The bulk of the elements included in our MPRA library were variants in strong LD within PD GWAS loci. For the majority of these loci, the GWAS tag SNP was not identified to be located within a regulatory element. This is consistent with previous studies exploring the regulatory potential of tag SNPs vs. those in LD11, and highlights the need for functional assays (e.g. MPRA) prior to downstream analyses. Furthermore, for several loci we identified multiple regulatory variants within a locus, consistent with recent findings from Abell et al. 23,24. The presence of multiple regulatory variants within a single risk-locus opens the possibility that the risk is due to the combined effects of changes within two or more control elements. For example, the PD GWAS meta-analysis that identified the locus tagged by rs578918593 also identified rs4954162 as a potential tag-SNP, but it did not pass the final quality control. Both rs57891859 and rs4954162, and 52 SNPs in LD with either one or both of these SNPs, were included in our MPRA. We found that neither of these tag SNPs acted as enhancers in HEK293 cells. However, two SNPs (rs3739034 and rs16830920) in linkage act as allele-specific enhancers. rs16830920 is rare (MAF < 0.01) and thus we could not check for eQTL targets for this SNP. However, we identified a number of putative target genes for rs3739034, including CCNT2 and TMEM163. This not only adds to previous association studies that have highlighted these genes as likely targets of this locus3,53,54, but also highlights a potential enhancer SNP within the locus that may drive the observed association. Of note, the reference allele at rs3739034 is acting as the enhancer, with the presence of the alternate allele weakening enhancer activity. This is consistent with the finding that the alternate allele disrupts binding of a number of GATA transcription factors, thus providing a potential mechanism through which weakening of the enhancer activity likely occurs. Future functional studies (i.e., CRISPR substitution) will be important to determine the synergistic effects of rs3739034 and rs16830920, and to advance our understanding of loci with multiple regulatory elements.

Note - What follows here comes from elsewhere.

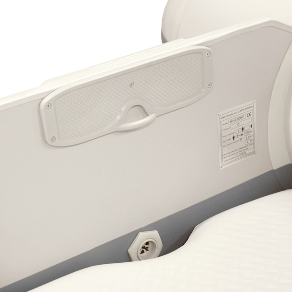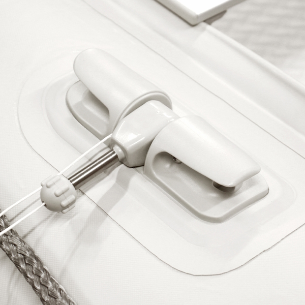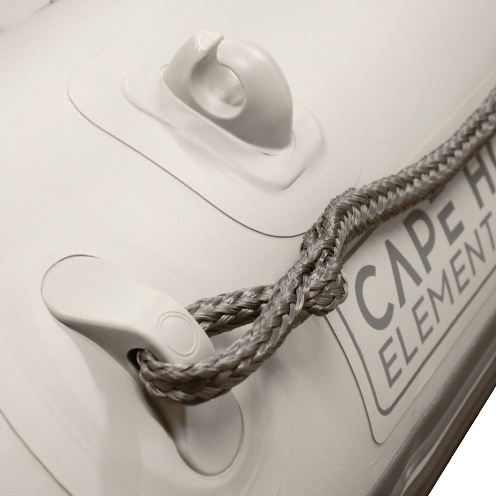 lancha neumática Cape Horn Element está equipada con una robusta lista de protección que refuerza su durabilidad y resistencia a los golpes. Situada en el perímetro de los flotadores, esta lista desempeña un papel esencial durante los atraques, ya que absorbe los roces y los impactos contra los muelles, los pontones u otras embarcaciones.

Beyond elucidating the regulatory activity of disease-associated variants, characterising the gene targets of these variants is key for understanding the overarching gene regulatory network, and for identifying potential therapeutic targets. We identified both proximal and distal putative gene targets for the regulatory variants (Fig. 4) using an approach that integrates Hi-C spatial data with gene expression eQTL data. A high proportion (133 of 138) of the MPRA enhancer variants were identified as spatial-eQTLs, indicating that the vast majority of these regulatory variants are impacting the expression of at least one gene.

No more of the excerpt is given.